Mine was, in many ways, a frighteningly dysfunctional family. Volatility and violence blew up regularly, much of it senseless and unpredictable. My mum and the kindness of strangers saved me from mental and emotional collapse. On really bad days I took refuge in one of the adjoining flats or a friend's house. My teachers stepped in when they felt I wasn't coping. Then and there, back in Kampala, Uganda, the external network could interfere to save a child. Here and now, that would be almost criminal intrusion. Even among British Asians, where communal responsibility used to guard a child, parental control has grown grotesquely. Too many girls and boys are forced into behaviours that stunt personal development.
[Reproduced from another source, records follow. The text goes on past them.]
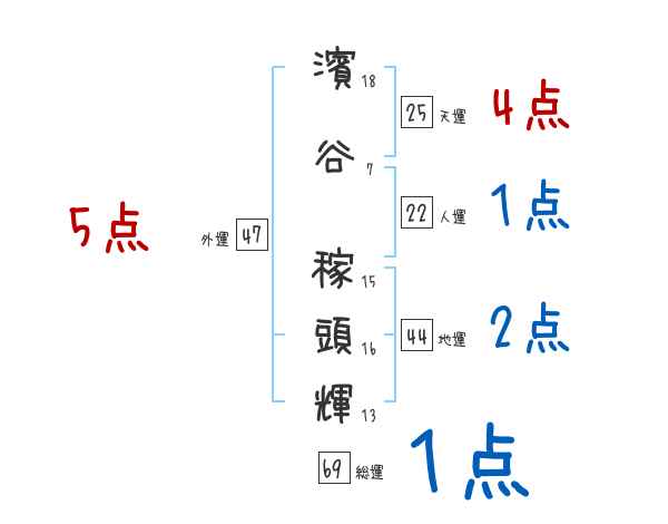 外運![]() | 濱谷稼頭輝さんの外運は47画の5つ星!実力が開花し発展する円満な人生。財に恵まれる。 生活面を象徴する運勢です。外部から受ける影響力を表し、結婚運、家庭運や職場、環境への順応性を表します。 |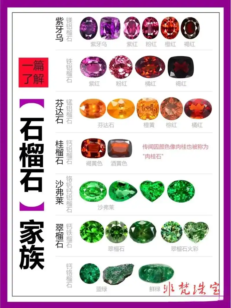 一图了解石榴石种类和颜色|新手建议收藏.彩色宝石高人气家族- - 抖音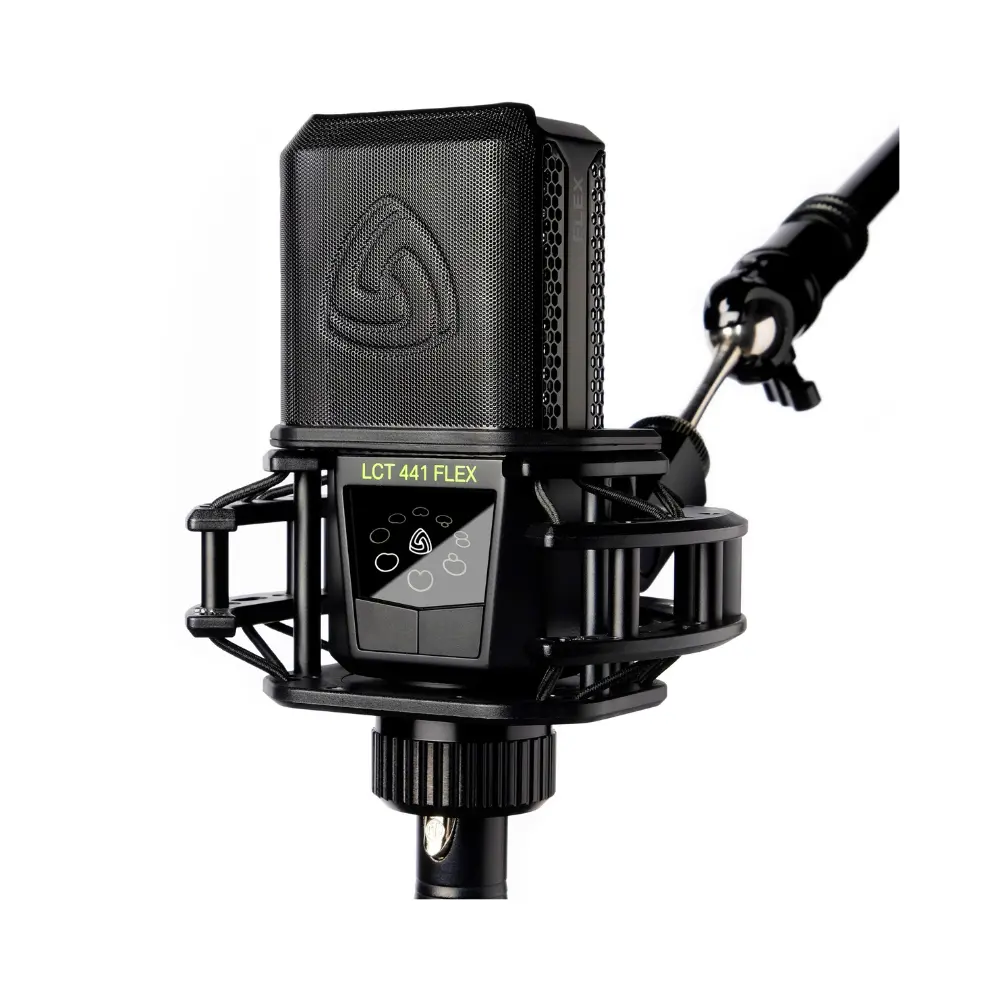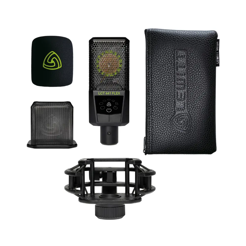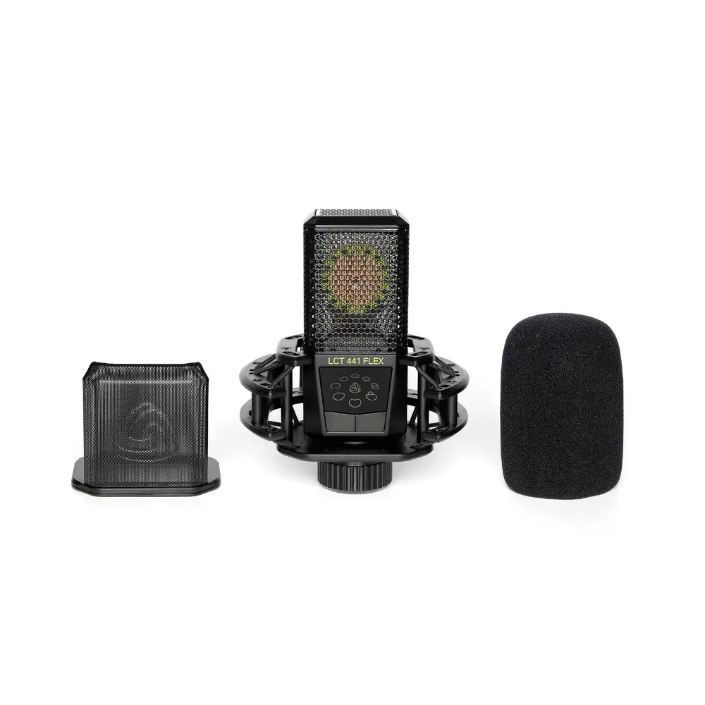LCT 441 FLEX jest wyposażony w uchwyt antywstrząsowy, który minimalizuje szumy strukturalne, torbę transportową, osłonę przeciwwietrzną i magnetyczny pop-filtr, który doskonale integruje się z konstrukcją mikrofonu.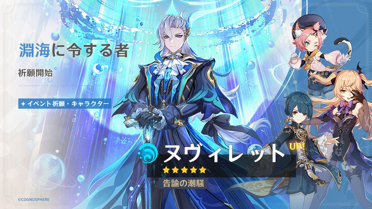 このバージョンでは、新たな★5キャラクター「ヌヴィレット(水)」の登場やフォンテーヌ地域の新エリア開放などがあります。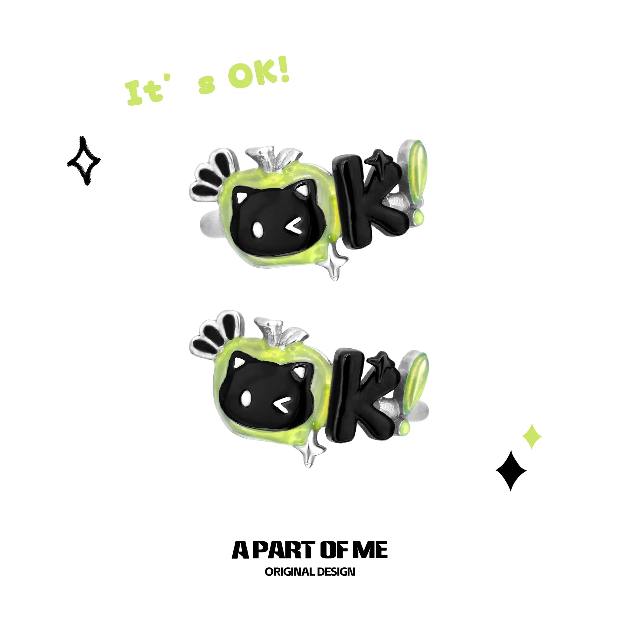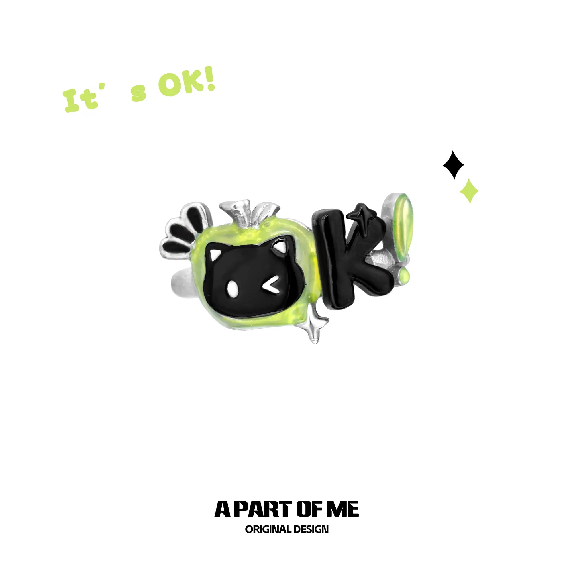 Summer Fruity Apple Cat 컬렉션의 일부인 이 제품은 "Everything is OK"라는 슬로건으로 재치 넘치는 분위기를 자아냅니다. 귀에서 살짝 엿보이는 대담한 검은 고양이는 장난기와 안정감을 동시에 선사합니다. 캐주얼한 만남이나 특별한 행사에 참석할 때, 이 커프는 당신의 룩에 개성을 더해줍니다.
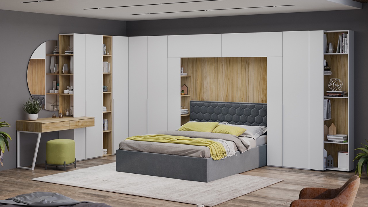 Модульность Одним из ключевых преимуществ набора модульной мебели является его модульность. Коллекция представляет собой сквозную концепцию, где все модули могут быть использованы для обустройства интерьера спальни, гостиной, детской или прихожей. Счастливый обладатель данной коллекции может создавать различные композиции и сочетания, в зависимости от своих предпочтений и потребностей

In recent years, effective campaigns have been raised against medical professionals, social workers and police officers who suspect parental brutality. I do not doubt that real abuse has been left to carry on as a result. Not upsetting parents became the credo and children's rights were demoted. Parental power can deny pupils a holistic education. Many pupils cannot join trips, wear ordinary school uniforms, read novels, do drama, study evolution or human procreation. Last year, a Unicef report on the well-being of children placed Britain at the bottom of the league of advanced nations. There is still, in the UK, no outright ban on corporal punishment. The children's commissioner, Sir Al Aynsley-Green, points out: "The only people in the country who can still be lawfully hit are children."

Social workers and police take their cue from these societal values and now seek only to "support" parents. This is what happened in Haringey. As if supporting brutes will turn them into repentant angels. Taking girls and boys away from their parents can give some the only chance they have. One researcher found that 96 per cent of kids in care were happy with their foster carers. Even if the worst parents were themselves victims of deprivation, they cannot be the primary concern if we want children to be safe.

A recent study at Southbank University found that by using sophisticated methodology, through an analysis of the personal and family circumstances of a child, it is possible to predict which young ones are at risk. We know, but don't want to know. Why not? That is the question – and the real scandal.